Why did you decide to write contemporary romance?

While I love reading historical romance, I like the edge that contemporary romance offers. And I’m much too lazy to do all the research required to be historically accurate.

What is your process for writing a book? For example, are you a plotter or a pantser? Do you start at page 1 and write your book sequentially or do you skip around? Do you start with your characters or the plot?

I pants. I start with the two main characters, their conflicts both internal and external, and an ending scene. I think about those three elements a lot before I write a single word. Then I sit down at the computer, type Chapter 1, and go straight through from there. Although it sounds very logical and efficient, I take many detours and sometimes get lost which is why it requires a good nine months for me to write a full-length novel.

Do you use any techniques, tools, or aids to help you write?

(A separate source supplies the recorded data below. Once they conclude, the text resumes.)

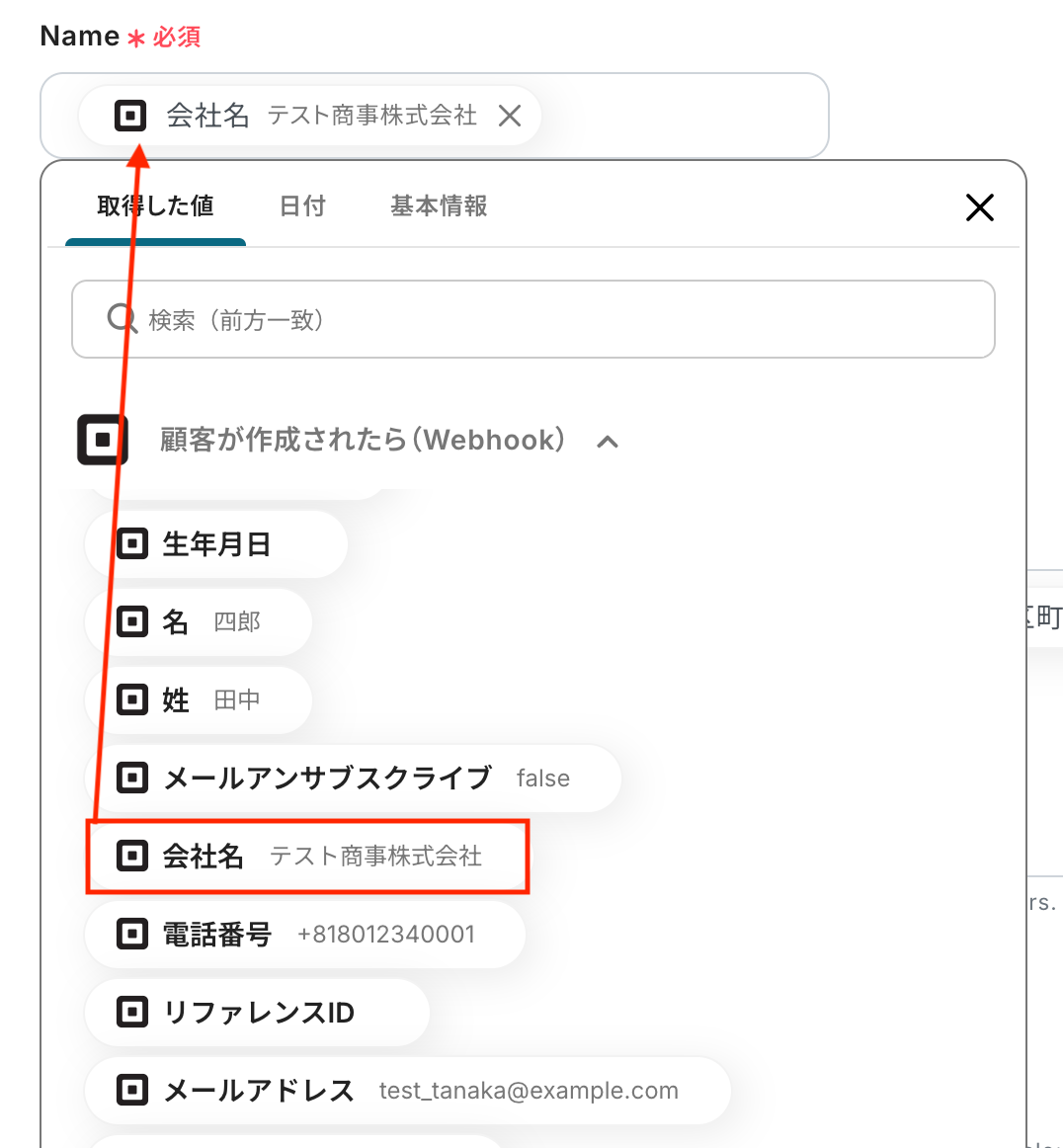 Name クライアントとして作成する顧客の名前を入力します。 入力欄をクリックすると、前のステップでSquareから取得済みのアウトプットが表示されるので、選択して入力しましょう。 アウトプットを活用することで値が固定化されず、フローボットを起動するたびに最新の情報を自動で反映できます。 ※なお、テキストを直接入力した部分は固定値とされるため、アウトプットを活用せず設定を行うと毎回同じデータがHarvestに登録されてしまうので注意が必要です。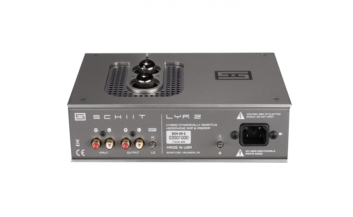 Lyr 2 là tube amplifier thế hệ mới. Tích hợp mạch preamplifier và power amplifier cho speaker và cả các tai nghe cao cấp. Đáp ứng tần số 20Hz-20Khz, -0.1db, 2Hz-500KHz, -3dB Công suất tối đa 32 ohms: 6.0W RMS trên mỗi kênh 50 ohms: 4.0W RMS trên mỗi kênh 300 ohms: 660mW RMS trên mỗi kênh 600 om: 330mW RMS trên mỗi kênh THD <0,01%, 20Hz-20KHz, ở 1V RMS, đạt được = 8 chế độ (trường hợp xấu nhất) IMD <0,01%, CCIR ở 1V RMS, đạt được = 8 chế độ (trường hợp xấu nhất) SNR> 98db, không trọng lượng, được tham chiếu đến 1V RMS, ở chế độ gain = 1 Nhiễu xuyên âm <-65dB, 20 Hz-20KHz Trở kháng đầu ra 0,7 ohms (tăng cao), 0,3 ohms (tăng thấp) Tăng 7 (16.9db) hoặc 1 (0 db), thông qua công tắc phía sau Topology Dynamic Adaptive Class A / AB, noninverting, ống lai / MOSFET, giai đoạn tăng áp đơn, đầu vào DC và đầu ra Rơle bảo vệ tiêu chuẩn bảo vệ cho sự chậm trễ bật và tắt nhanh Nguồn cung cấp Hai máy biến áp nội bộ, năm đường ray điều chỉnh nội bộ, với hơn 30.000uf điện dung bộ lọc Công suất tiêu thụ 30W Kích thước 9 x 6 x 2,25 " Trọng lượng 6 lbs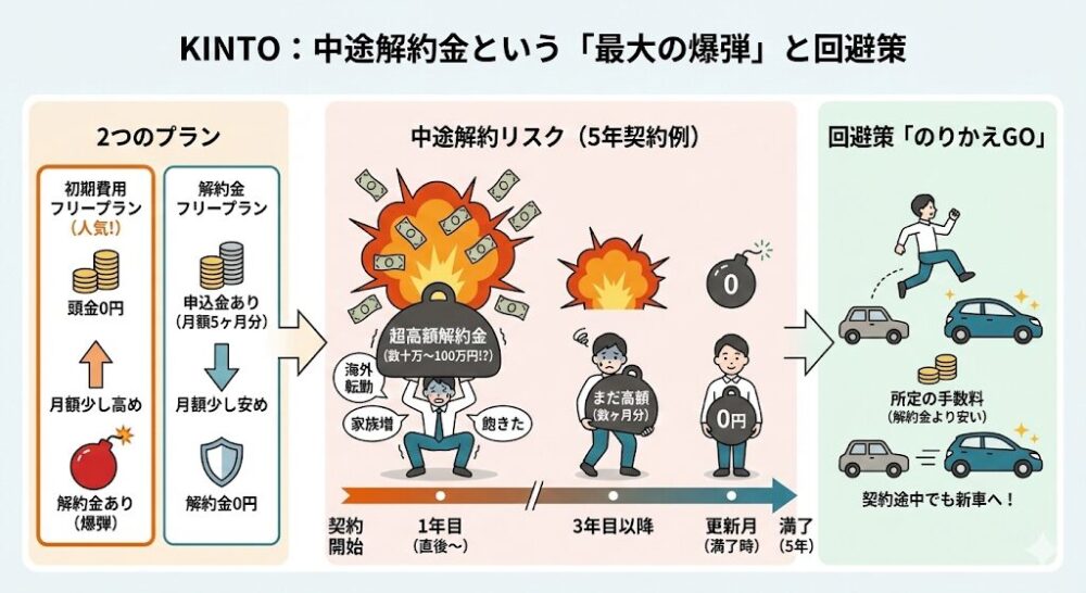 このリスクを回避するために、KINTOでは「のりかえGO」というサービスを用意しています。これを使えば、所定の手数料(月額の数ヶ月分など、解約金よりは安い)を払うことで、契約期間中でも新しい車に乗り換えることができます。 しかし、基本的には「契約期間中は乗り続ける覚悟」が必要です。3年先の未来が全く見えないという方は、最初から「解約金フリープラン」を選ぶか、KINTO以外の短期リースやレンタカーを検討すべきです。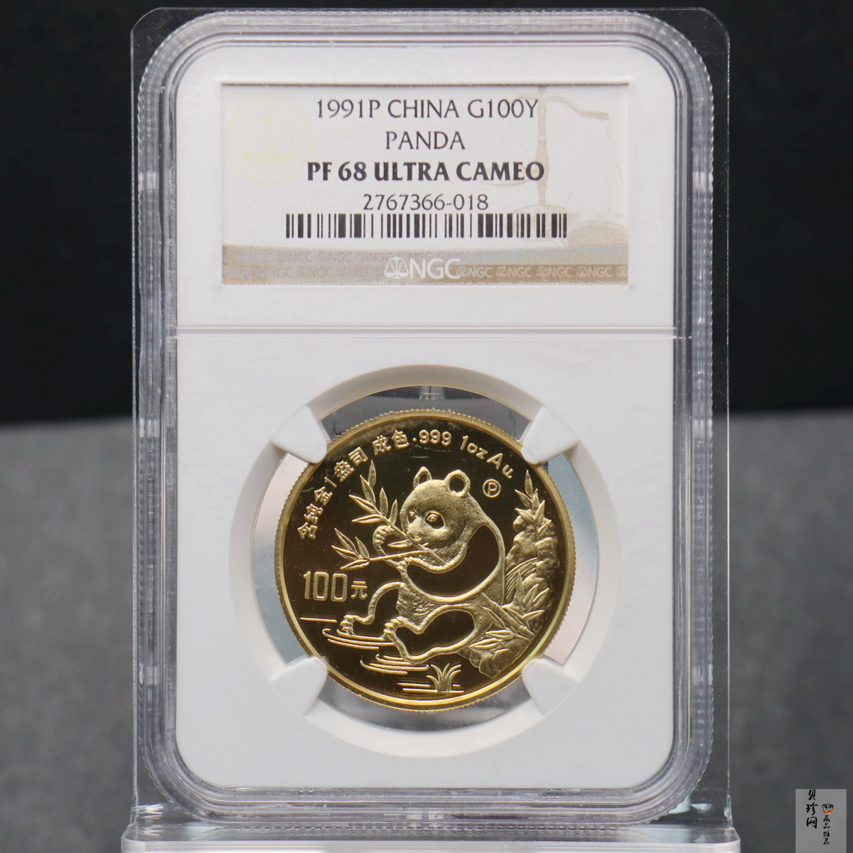 单币:1991版熊猫金银纪念币1盎司圆形普制金质纪念币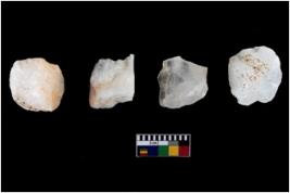 | Description / विवरण | A specimen of a fluted core having many impressions of fluted blades on it. |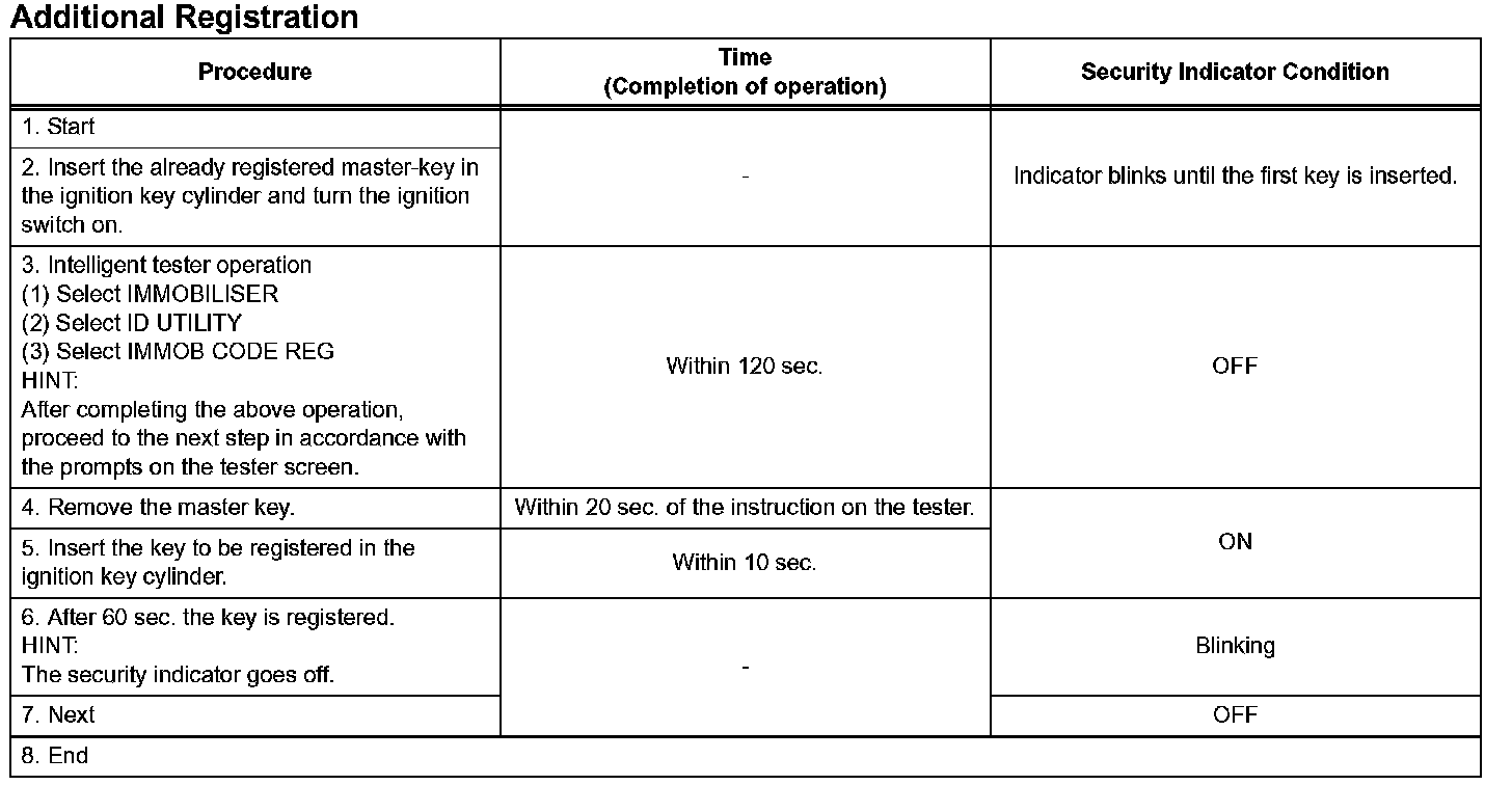 a. Registration of additional key (Procedure "A"): Register an additional key by using the intelligent tester.

Chocolate, a thesaurus, and walking the dogs. Chocolate is self-explanatory. The thesaurus is a necessity because my mental retrieval system is not what it used to be; I know there’s a perfect word for my sentence but I have to see it to remember it. I walk the dogs to get my brain unblocked. Literal forward motion seems to help when I can’t figure out what comes next. Physical movement breaks through the psychological barrier.

Do you write multiple drafts or barely need revisions when typing, The End?

My first draft is very clean, but as my critique partners will tell you, I generally need to amp up the conflict because, as I mentioned in question 3, I am soft-hearted when it comes to my characters. Those conflicts are what generally gets added during revisions.

How do you make time to write?

When I had children at home, I wrote every morning right after I dropped them off at school. Now that my daughter and son are both out on their own, I appear to have more time to write, but feel like I have less. I blame Facebook.

When you are writing, who is in control? You or your characters?

Writers are control freaks so I am almost always in the driver’s seat. However, there are a few wonderful moments when a character shows some new facet of himself or herself I wasn’t expecting. Sometimes that takes the plot in a new direction. Those are gifts from the Muse and to be honored.

Who has had the most influence on your writing?

My college creative writing teachers, who were all working poets. They showed me how to handle criticism constructively and without taking it personally. They also taught me that it doesn’t matter what I think I said; it only matters what the reader thinks I said.

What advice do you have for other writers?

Read both in your genre and outside it. Absorb the structure of story into your bones so it comes to you without conscious thought. When you set out on the first draft, have fun and write it just for yourself. You can think about pleasing editors, agents, and readers when you do the revisions. Finish the book; it’s amazing how many people don’t. Then write another one. If you want to succeed as a published author, you have to be able to produce good books regularly.

Why did you decide to become a romance author?

I fell in love with Mr. Rochester in JANE EYRE at an early age, then moved on to Georgette Heyer and Kathleen Woodiwiss. Romance has always been my comfort read. When I commuted to New York City, I read romance on the PATH train, running through all my favorite authors rapidly and finding it difficult to discover more good romances. So I decided I would write the kind of romance that I wanted to read.

Would you tell us your story of getting “the call?”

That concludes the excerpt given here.